The FTC Begins Enforcement of the Identity Theft Red Flags Rule Imposing New Requirements on Many Businesses

April 27, 2009

On May 1, 2009, the U.S. Federal Trade Commission (FTC) begins enforcement of the Red Flags Rule, requiring many businesses to develop, implement, and administer an Identity Theft Prevention Program that is designed to detect the warnings signs (or “red flags”) of identity theft, as well as to prevent and mitigate it.

The rule is broad sweeping, affecting not just financial companies, but also many telecommunications, utility, auto, retail and healthcare companies — including physician practices. The necessary steps for compliance will vary on the size and nature of the business, as well as existing data protection policies, but failure to comply may result in civil monetary penalties.

Who is Covered?

Every “financial institution” and “creditor” that offers or maintains one or more “covered accounts” must comply with the Red Flags Rule.

The term “financial institution” is defined as a state or national bank, a state or federal savings and loan association, a mutual savings bank, a state or federal credit union, or any other person that, directly or indirectly, holds a transaction account belonging to a consumer. Those types of entities generally fall under the jurisdiction of the federal bank regulatory agencies.

The term “creditor” is broader than its common usage. Aside from covering businesses that grant loans and extend credit, such as finance companies and retailers that offer financing for consumers, the term “creditor” covers businesses and organizations that provide goods or services and bill customers later, such as health care providers, utility companies, and telecommunications companies. The FTC regulates these businesses for compliance with the Red Flags Rule.

If any of these businesses offer or maintain one or more “covered accounts,” then they must comply with the Red Flags Rule. There are two types of covered accounts. The first kind is an account primarily for personal, family, household or business purposes that is designed to permit multiple payments over time, such as a bank account, credit card account, mortgage loan, automobile loan, cell phone account or utility account. The second kind of covered account is any other account for which there is a reasonably foreseeable risk to customers or to the safety and soundness of the business from identity theft. Examples include small business and sole proprietorship accounts or certain single transaction consumer accounts.

What is Required of Businesses?

Businesses subject to the Red Flags Rule must develop and implement a written Identity Theft Prevention Program (the “Program”) that is designed to detect, prevent and mitigate identity theft in connection with the opening of a covered account or any existing covered account. The Program must be appropriate to the size and complexity of the financial institution or creditor and the nature and scope of its activities.

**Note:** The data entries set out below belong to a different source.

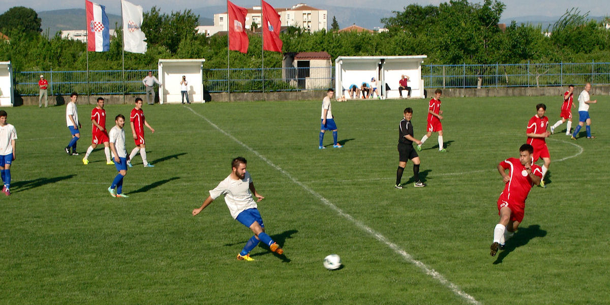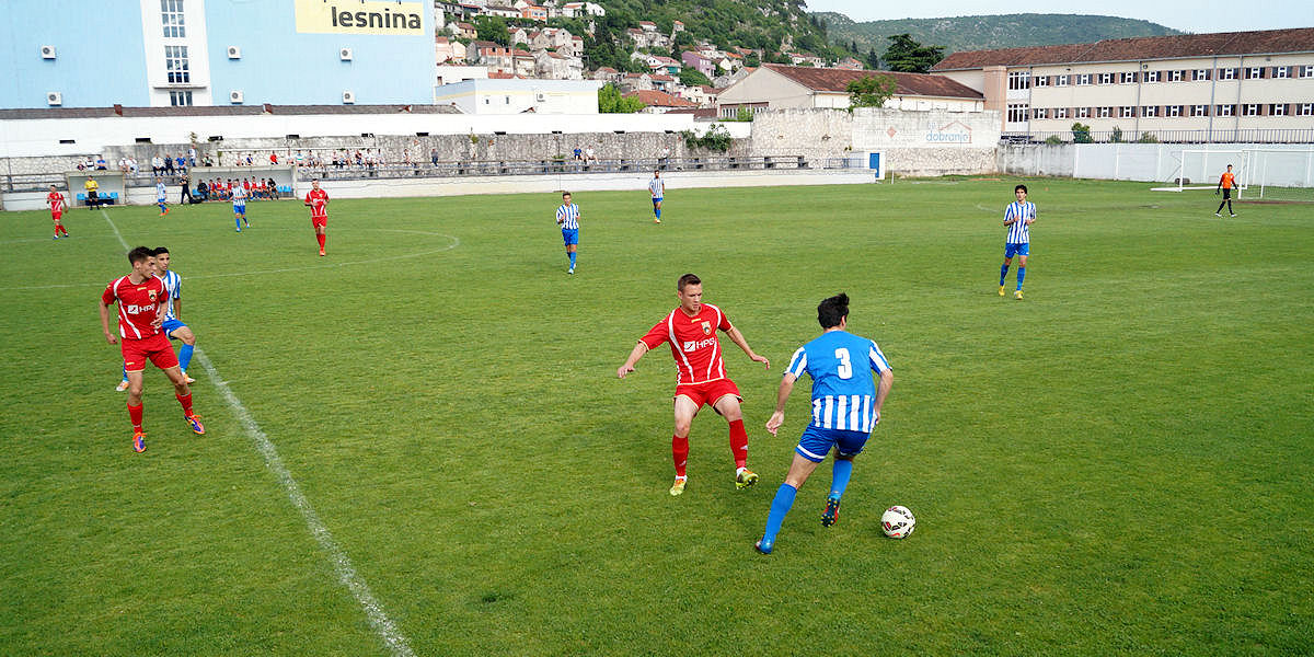 Metković, 31.5.2015. - U utakmici 33. kola III. HNL jug jučer je NK Neretva na svome Igralištu Iza Vage pred dvjesto pedesetak gledatelja uvjerljivo s 3:1 pobijedila NK Zmaj iz Blata u čijem sastavu nije nastupilo više standardnih igrača.
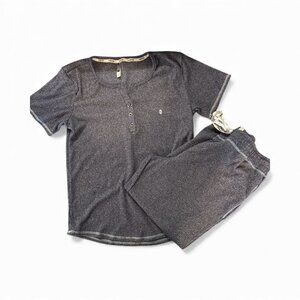 Izod Womens M Gray Pajama Set With Henley Top & Drawstring Pants Ribbed Knit
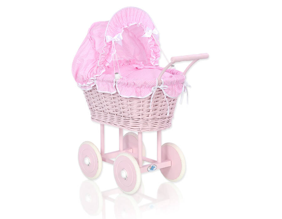 Wicker doll pram – made of natural wicker, on a natural high wooden chassis with wooden wheels – pink painted.
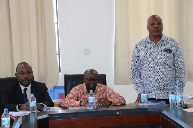 Kaimu Mkurugenzi Mtendaji wa Bodi ya Wataalam wa Ununuzi na Ugavi (PSPTB) Bw.Godfrey Mbanyi akizungumza na Viongozi wa Wizara ya Habari Utamaduni Sanaa na Michezo wakati Bodi hiyo ilipoendesha mafunzo ya siku mbili kuhusu Manunuzi ya Umma kuanzia Mei 27- 28, 2019 Jijini Dodoma. Katikati ni Mkurugenzi Idara ya Utawala na Rasilimali Watu wa Wizara hiyo Bw.Orest Mushi, na Kushoto ni Kaimu Mkurugenzi Idara ya Ununuzi na Ugavi wa Wizara hiyo Bibi Cecilia Kasonga.
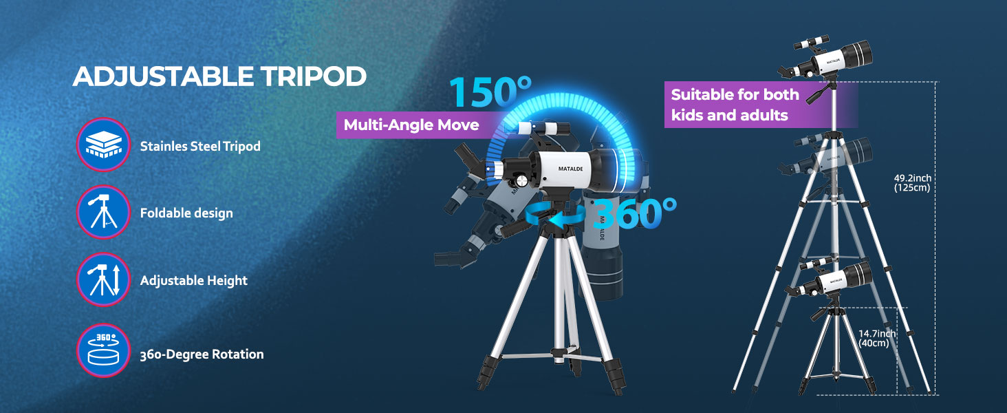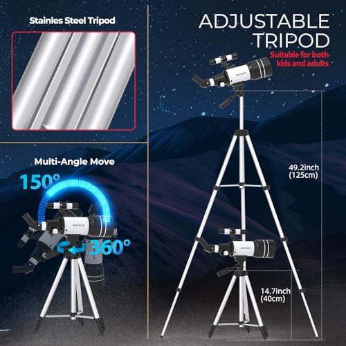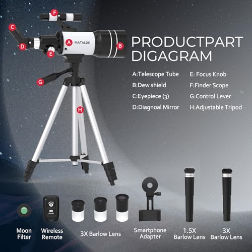 【Complete All-in-One Kit】- Everything You Need to Start,We include every accessory a beginner astronomer requires: finderscope for easy targeting, moon filter to reduce glare, carrying bag for travel, and multiple eyepieces for versatile viewing. The MATALDE telescope is the ultimate educational gift for kids, teens, and adults eager to explore the wonders of space.

Every Program must include reasonable policies and procedures related to four elements: (1) the identification of red flags, (2) the detection of red flags, (3) the response to red flags that are detected, and (4) the periodic update of the Program. The FTC and the other federal bank regulatory agencies charged with enforcing the Red Flags Rule have issued guidelines to assist businesses in developing and implementing a Program.

How is the Red Flags Rule Related to the Safeguards Rule and to Anti-Money Laundering Requirements?

While the FTC’s Safeguards Rule (and other information security laws) and the anti-money laundering regulations largely require certain businesses to take actions in response to consumer transactions that have already occurred, the Red Flags Rule addresses consumer transactions at the front end and attempts to thwart identity theft at the time of the transaction.